基金Project supported by the National High-Tech R&D Program(863 program)(2013AA03A114)the joint funding of National Natural Science Foundation of China and the Chinese Academy of Sciences(U1332133)+3 种基金the Science and Technology Program of Anhui Province of China(1301022062,1301022067)the Special Fund for Research and Development of the Hefei Institute(IMICZ2015112)the Fund of Beijing National Laboratory for Molecular Sciences(20140143)and the Key Discipline of Information and Communication Engineering of University of Science and Technology of Anhui(AKZDXK2015C02)

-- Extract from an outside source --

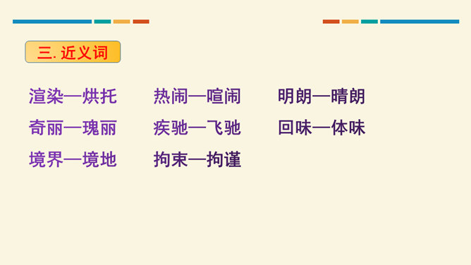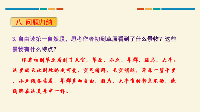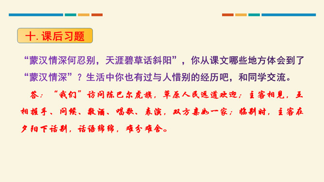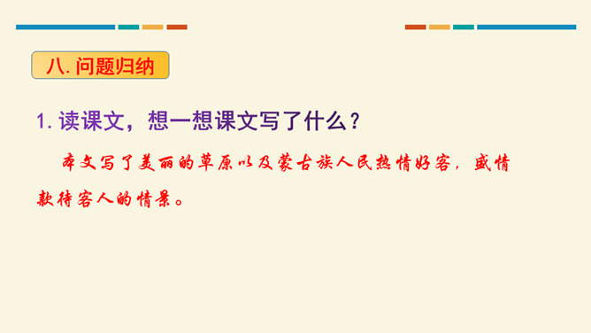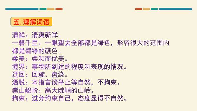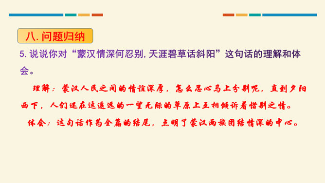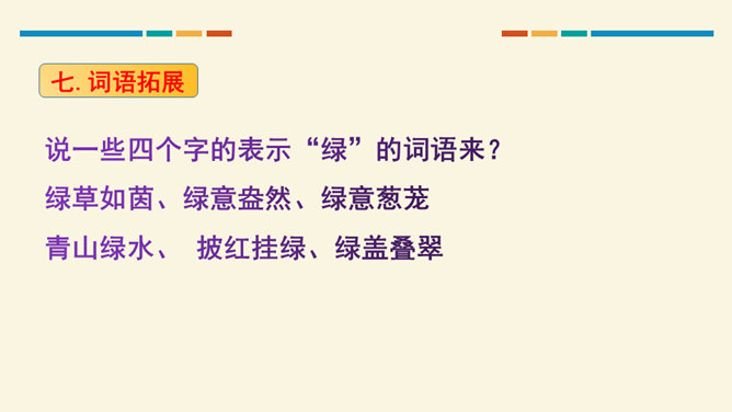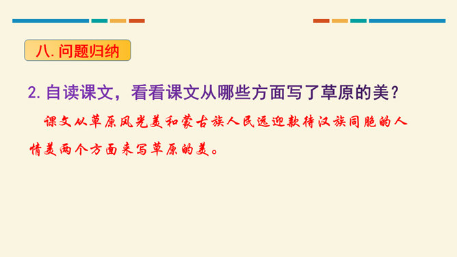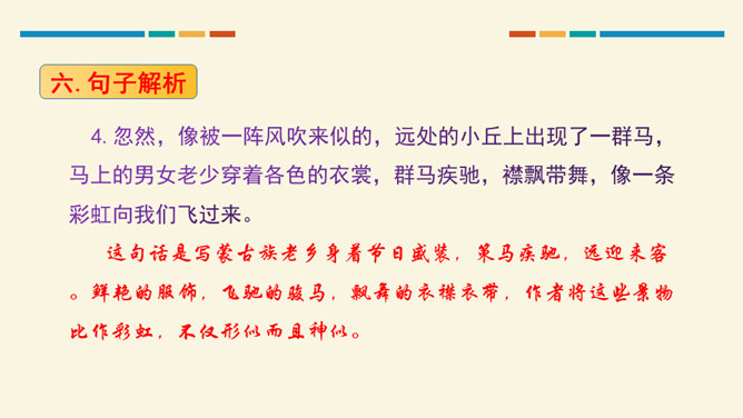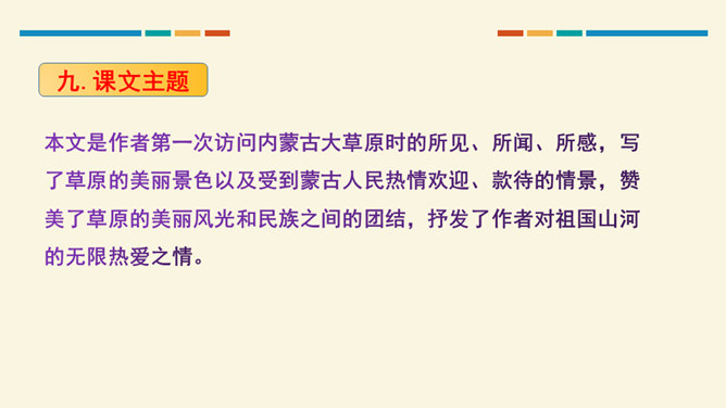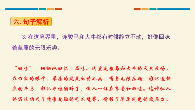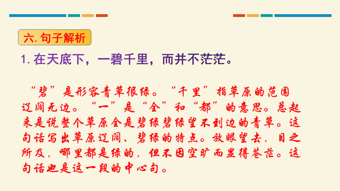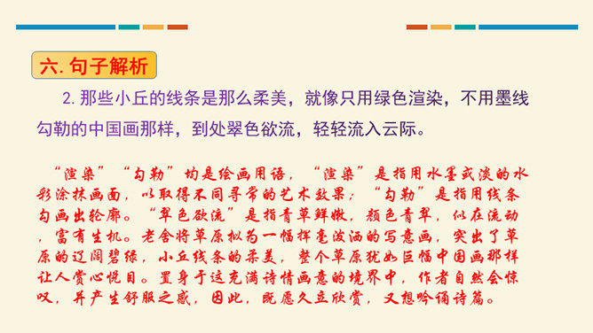 碧”是形容青草很绿。“千里”指草原的范围辽阔无边。“一”是“全”和“都”的意思。总起来是说整个草原全是碧绿碧绿望不到边的青草。这句话写出草原辽阔、碧绿的特点。放眼望去,目之所及,哪里都是绿的,但不因空旷而显得苍茫。这句话也是这一段的中心句。渲染”“勾勒”均是绘画用语,“渲染”是指用水墨或淡的水彩涂抹画面,以取得不同寻常的艺术效果;“勾勒”是指用线条勾画出轮廓。“翠色欲流”是指青草鲜嫩,颜色青翠,似在流动,富有生机。老舍将草原拟为一幅挥毫泼洒的写意画,突出了草原的辽阔碧绿,小丘线条的柔美。所属专题:草原ppt。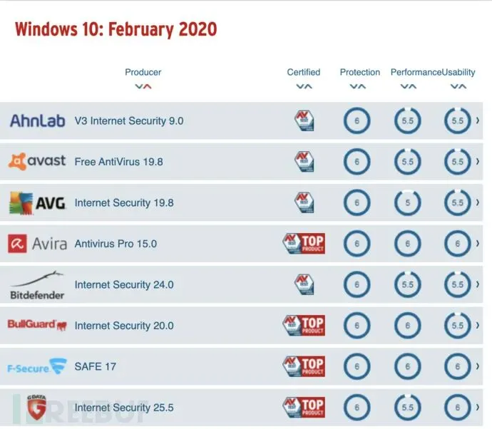 AV-TEST Windows杀软测评排行

文摘In order to uncover the real origin of red luminescence from Sr_3Al_2O_6:Eu and the physical mechanisms that were involved in the dynamical process of luminescence, variant amount of Eu and Dy activated Sr_3Al_2O_6 phosphors were synthesized with the solid-state reaction and the combustion-assisted solid-state reaction, respectively, using the fine graphite powder or the mixed H^2+N_2gases as a reducing agent. The phase was examined with XRD analysis and the photoluminescence properties were characterized by a fluorescence spectrometer. Although the phosphors possessed the same Sr_3Al_2O_6 phase, different emission colors(red or green) were obtained, relying on synthesis conditions. The simultaneous existence of Eu^2+ and Eu^3+ was not only observed in the emission and excitation spectra, but also identified with the near edge X-ray absorption fine structure spectroscopy(NEXAFS).The mixed valence(higher than +2 and less than +3) of Eu may be related with the six different sites of Sr, whose effective valence ranged from +1.5058 to +2.2698, in the crystal lattice of Sr_3Al_2O_6 that could accommodate Eu. Moreover, the reduction of Eu^3+ to forming Eu^2+ depended on the amount of Eu^3+ or Dy^3+ doped, due to the different energy barrier in each site of Sr that Eu had to overcome. The residual Eu^3+, similar to the doped Dy^3+, played an important role in supplying the hole for Eu^2+ to form a bound trap(Eu^2+)* after excitation. During electron returning to the 4f^7 ground state of Eu^2+, the red luminescence was radiated. Therefore, the synergetic effects of Eu^2+ and Eu^3+(Dy^3+) produce red luminescence.